Oleh Jalaluddin al-Mahalli & Jalaluddin as-Suyuthi:



(Hai orang-orang yang beriman janganlah kalian mengkhianati Allah dan rasul-Nya dan) jangan pula


(kalian mengkhianati amanatamanat kalian) yakni apa-apa yang dipercayakan kepada kalian berupa agama dan hal-hal yang lain


(sedangkan kalian mengetahui).

Oleh Ismail bin Umar Al-Quraisyi bin Katsir Al-Bashri Ad-Dimasyqi:


Abdur Razzaq ibnu Abu Qatadah dan Az-Zuhri mengatakan bahwa ayat ini diturunkan berkenaan dengan Abu Lubabah ibnu Abdul Munzir ketika Rasulullah ﷺ mengutusnya kepada Bani Quraizah untuk menyampaikan pesan beliau agar mereka tunduk di bawah hukum Rasulullah ﷺ Lalu orang-orang Bani Quraizah meminta saran dari Abu Lubabah mengenai hal tersebut, maka Abu Lubabah mengisyarat­kan kepada mereka dengan tangannya ke arah tenggorokannya, yang maksudnya ialah disembelih, yakni mati.

Kemudian Abu Lubabah sadar bahwa dengan perbuatannya itu berarti dia telah berbuat khianat kepada Allah dan Rasul-Nya.
Maka ia bersumpah bahwa dirinya tidak akan makan hingga mati atau Allah menerima tobatnya.

Lalu Abu Lubabah pergi ke masjid Madinah dan mengikat dirinya di salah satu tiang masjid.
Dia tinggal dalam keadaan demikian selama sembilan hari hingga tak sadarkan dirinya karena kepayahan.
Maka Allah menurunkan wahyu kepada Rasul-Nya bahwa tobat Abu Lubabah diterima.
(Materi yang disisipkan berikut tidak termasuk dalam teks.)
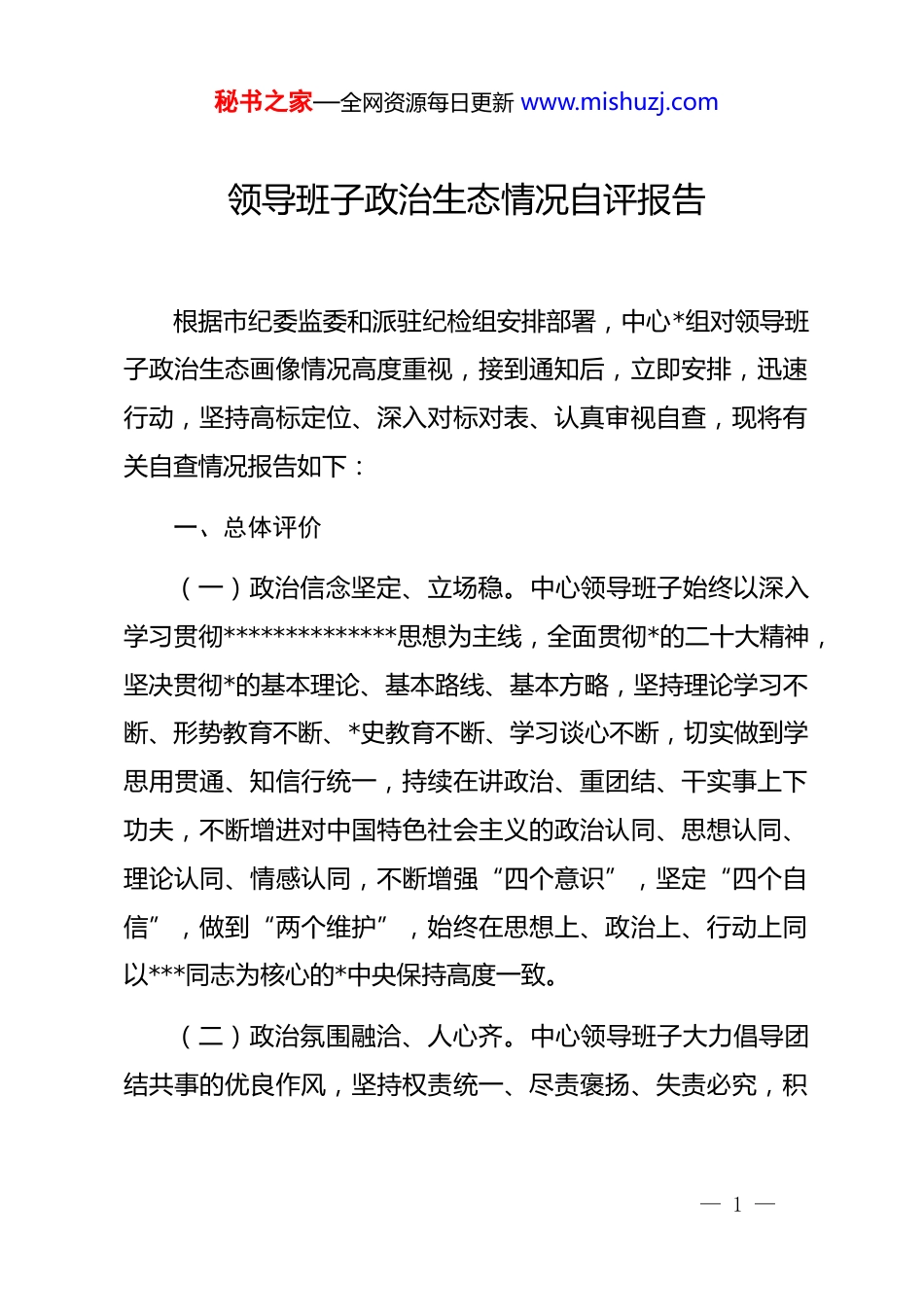 秘书之家—全网资源每日更新 www.mishuzj.com领导班子政治生态情况自评报告根据市纪委监委和派驻纪检组安排部署,中心*组对领导班子政治生态画像情况高度重视,接到通知后,立即安排,迅速行动,坚持高标定位、深入对标对表、认真审视自查,现将有关自查情况报告如下:一、总体评价(一)政治信念坚定、立场稳。中心领导班子始终以深入学习贯彻**************思想为主线,全面贯彻*的二十大精神,坚决贯彻*的基本理论、基本路线、基本方略,坚持理论学习不断、形势教育不断、*史教育不断、学习谈心不断,切实做到学思用贯通、知信行统一,持续在讲政治、重团结、干实事上下功夫,不断增进对中国特色社会主义的政治认同、思想认同、理论认同、情感认同,不断增强“四个意识”,坚定“四个自信”,做到“两个维护”,始终在思想上、政治上、行动上同以***同志为核心的*中央保持高度一致。(二)政治氛围融洽、人心齐。中心领导班子大力倡导团结共事的优良作风,坚持权责统一、尽责褒扬、失责必究,积— 1 —秘书之家—全网资源每日更新 www.mishuzj.com极营造想干事、能干事、敢干事、干成事的浓厚氛围,推动形成想作为、敢作为、善作为的良好政治生态。主要领导坚持“律人先律己,严兵先严将”的理念,模范遵守*风廉政建设和反腐败工作的各项规定,率先垂范。班子成员坚持事业为重、彼此尊重、团结合作,坚决抵制“帮圈文化”,签订承诺书,自觉净化朋友圈、生活圈、社交圈。(三)政治生活严肃、有辣味。中心领导班子始终坚持从具体的*内基本制度入手,狠抓*内基本制度、政治生活落实,能够严肃认真地开展好“三会一课”、组织生活会、民主评议*员、谈心谈话、主题*日等活动,增强*内政治生活的吸引力和感染力。在开展批评和自我批评时,每一名班子成员都把自己摆进去、把思想摆进去、把职责摆进去,敢于批评和自我批评,让“咬耳扯袖”“红脸出汗”成为一种常态。同时,立足*章、*规 dj,加强*性教育管理,定期开展*性“体检”,提高*内组织生活质量和效果。2023 年中心共召开 2 次高质量民主生活会(2022 年民主生活会、扶贫领域以案促改专题民主生活会)。*员领导干部严格执行双重组织生活制度,中心*组书记、处级干部都以普通*员身份参加了所在支部的组织生活会。(四)政治文化和谐、风气正。中心领导班子努力把*内政— 2 —秘书之家—全网资源每日更新 www.mishuzj.com治文化建设与保持*内政治生态、严肃*内政治生活有机统一、有机衔接,把培育*内政治文化与提升*员素质、净化*员思想、整饬*员作风紧密结合起来,把建设*内制度文化与支部标准化规范化建设紧密结合起来,在制度文化建设中突出价值导向,在精神文化塑造中实现思想引领,以良好的*内政治文化引领*内政治生活健康发展,厚植良好政治生态的土壤。(五)政治纪律严明、守底线。中心领导班子能够做到知敬畏、存戒惧、守底线,对照*章*规 dj,对照*内制度条例,明白哪些事能做、哪些事该做,哪些事情必须做,哪些事情怎样做,严格按照规则办事,着力克服“想当然”、坚决拒绝“差不多”,不触底线、不碰红线、不越界线、不跨边线。在重大问题上提高政治站位、坚定政治立场、保持头脑清醒。切实增强“四个意识”、坚定“四个自信”、做到“两个维护”,严守*的政治纪律和政治规矩,始终在政治立场、政治方向、政治原则、政治道路上同*中央保持高度一致,用实际行动响应*的号召。(六)政治操守廉洁、形象好。中心领导班子能够正确看待个人利益、正确看待个人得失、正确把握利益关系,带头遵守*风廉政建设和反腐败工作的各项规定,及时如实报告个人有— 3 —秘书之家—全网资源每日更新 www.mishuzj.com关事项、填报廉政档案、报告述责述廉述学述法情况,坚持勤政清廉为本,以身作则,率先垂范,有力地带动和维护了中心整体形象。二、存在问题一是学习教育不够扎实,理论学习仍存在重形式、轻实效的情况;二是对*员干部朋友圈、生活圈了解不够,八小时以外监督乏力;三是勤俭节约意识不够强,机关日常用电、用纸、用水存在的浪费现象没有完全杜绝。三、下步打算一是强化理论武装。深入学习贯彻********...
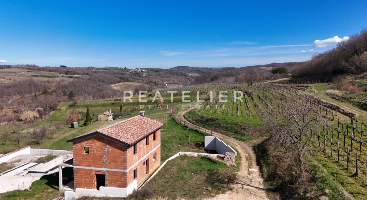 Villa in costruzione in una posizione idilliaca a Momjan con una vista mozzafiato. La struttura sarà composta da un piano terra e primo piano. Al piano terra ci sarà una cucina con sala da pranzo, corridoio, terrazza, WC e ripostiglio. Al primo piano ci sarà un corridoio, ripostiglio e tre camere da letto, ognuna con bagno privato e accesso alla terrazza. Il riscaldamento sarà fornito tramite riscaldamento a pavimento e aria condizionata. Nel cortile è prevista una piscina riscaldata con un'area prendisole adiacente e una spaziosa cucina estiva.

Kemudian orang-orang datang kepadanya menyampaikan berita gembira bahwa Allah telah menerima tobatnya.
Mereka bermaksud akan melepaskan ikatannya dari tiang masjid itu, tetapi Abu Lubabah ber­sumpah bahwa jangan ada seorang pun yang melepaskannya dari tiang masjid itu selain Rasulullah ﷺ dengan kedua tangannya sendiri.
Akhirnya Rasulullah ﷺ melepaskan ikatannya, lalu berkatalah Abu Lubabah,
"Wahai Rasulullah, sesungguhnya aku telah bernazar bahwa seluruh hartaku akan aku habiskan untuk sedekah."
Maka Rasulullah ﷺbersabda :

Cukuplah bagimu dengan menyedekahkannya sepertiga darinya

Ibnu Jarir mengatakan, telah menceritakan kepadaku Al-Haris.
telah menceritakan kepada kami Abdul Aziz, telah menceritakan kepada kami Yunus ibnul Haris At-Taifi, telah menceritakan kepada kami Muhammad ibnu Abdullah ibnu Aun As-Saqafi, dari Al-Mugirah ibnu Syu’bah yang mengatakan bahwa ayat berikut diturunkan berkenaan dengan ter­bunuhnya Usman r.a., yaitu firman-Nya:
Hai orang-orang yang beriman, janganlah kalian mengkhianati Allah dan Rasul-Nya.
(QS. Al-Anfal [8]: 27), hingga akhir ayat.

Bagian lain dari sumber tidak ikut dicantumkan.